─── MATERIAL SUPPLIED ───

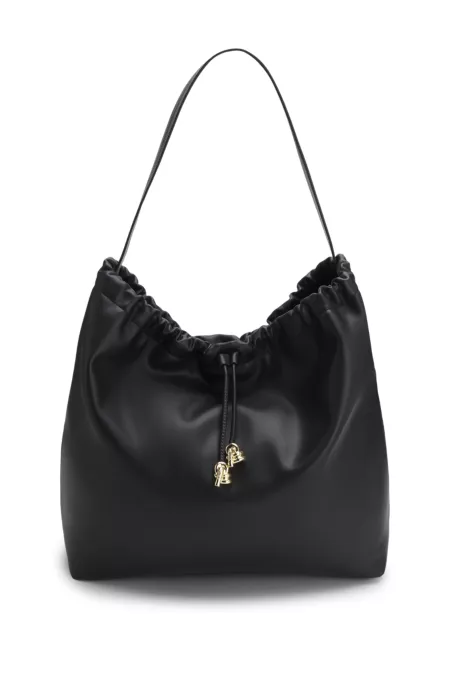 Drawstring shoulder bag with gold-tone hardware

───
─── MATERIAL SUPPLIED ───

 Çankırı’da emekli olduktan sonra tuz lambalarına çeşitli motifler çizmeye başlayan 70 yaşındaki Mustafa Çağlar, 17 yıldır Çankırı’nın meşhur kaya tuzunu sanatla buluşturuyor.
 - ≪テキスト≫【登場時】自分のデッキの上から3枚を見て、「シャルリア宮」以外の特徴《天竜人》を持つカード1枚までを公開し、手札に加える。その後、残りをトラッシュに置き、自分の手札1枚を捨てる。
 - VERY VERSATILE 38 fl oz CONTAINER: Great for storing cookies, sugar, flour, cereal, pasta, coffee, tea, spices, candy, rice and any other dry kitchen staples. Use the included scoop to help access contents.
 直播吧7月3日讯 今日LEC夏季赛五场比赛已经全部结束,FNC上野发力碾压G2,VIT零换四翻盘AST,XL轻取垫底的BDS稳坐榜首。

───

--- TASK BRIEF ---
Within the listing above, extract exactly the lines from the line with "- ≪テキスト≫【登場時】自" to the line with "直播吧7月3日讯 今日LEC", the two named lines included, and no others.

--- TASK RESULT ---
 - ≪テキスト≫【登場時】自分のデッキの上から3枚を見て、「シャルリア宮」以外の特徴《天竜人》を持つカード1枚までを公開し、手札に加える。その後、残りをトラッシュに置き、自分の手札1枚を捨てる。
 - VERY VERSATILE 38 fl oz CONTAINER: Great for storing cookies, sugar, flour, cereal, pasta, coffee, tea, spices, candy, rice and any other dry kitchen staples. Use the included scoop to help access contents.
 直播吧7月3日讯 今日LEC夏季赛五场比赛已经全部结束,FNC上野发力碾压G2,VIT零换四翻盘AST,XL轻取垫底的BDS稳坐榜首。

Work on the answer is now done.